Asymtotic distribution of the MLE of a Uniform 
*

*A property of the Maximum Likelihood Estimator is, that it
asymptotically follows a normal distribution if the solution is unique.

*In case of a continuous Uniform distribution the Maximum Likelihood Estimator for the upperbound is given through the maximum of the sample $X_i$.


I have a hard time figuring out how the distribution of the maximum converges in distribution to a Gaussian. 
In the following Question it is claimed that the maximum of the sample $X_i$ of a $U[0,\theta]$ , with $\theta$ = 1, will follow a Beta distribution.
Question about asymptotic distribution of the maximum
I also tried to figure it out empirically and always came to a more or less the result in the Graph bellow. Also from a logical point of view (atleast my logic) the distribution should never be able to converge to a Gaussian since the Expected Value of $\hat\theta$ is asymptotically equal to $\theta$ and because all possible $X_i$ have to be smaller than $\theta$, therefore there can not exist Values on the right side of $E[\hat\theta]$, which makes it impossible to converge to a Normal Distribution. 
Where do I make my mistake?
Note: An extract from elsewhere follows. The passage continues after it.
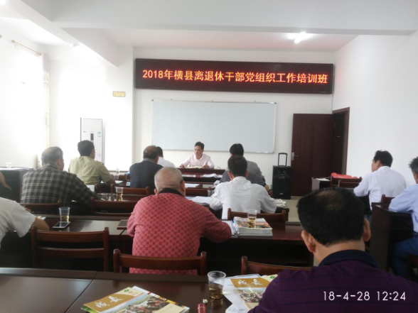 4月28日,横县县委老干部局举办离退休干部党组织工作培训班,全县20多名乡镇老龄支部书记、离退休干部党员参加培训。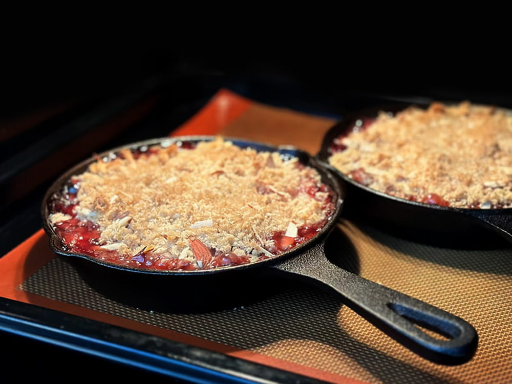 コブラーとは、イギリスやアメリカで親しまれている焼き菓子です。果物や塩味の具材を焼き皿に敷き、生地やビスケットをのせてオーブンで焼き上げます。

I haven't found a similiar question considering the contradiction.


 A: 
A property of the Maximum Likelihood Estimator is, that it asymptotically follows a normal distribution if the solution is unique.

Not necessarily.  So far as I am aware, all the theorems establishing the asymptotic normality of the MLE require the satisfaction of some "regularity conditions" in addition to uniqueness.  Roughly speaking, these regularity conditions require that the MLE was obtained as a stationary point of the likelihood function (not at a boundary point), and that the derivatives of the likelihood function at this point exist up to a sufficiently large order that you can take a reasonable Taylor approximation to it.    (The proofs of asymptotic normality then use the Taylor expansion and show that the higher order terms vanish asymptotically.)
The notes you have shown in your question gloss over this requirement, so I imagine that your teacher is interested in giving you the properties for the general case, without dealing with tricky cases where the "regularity conditions" do not hold.  However, if you have a look at textbooks that actually prove the asymptotic normality of the MLE, you will see that the proof always hinges on these regularity conditions.  (And indeed, good textbooks will usually supply counter-examples that show that asymptotic normality does not hold for some examples that don't obey the regularity conditions; e.g., the MLE of the uniform distribution.)
In the case of the MLE of the uniform distribution, the MLE occurs at a "non-stationary point" of the likelihood function, so the "regularity conditions" required for theorems asserting asymptotic normality do not hold.  So far as I am aware, the MLE does not converge in distribution to the normal in this case.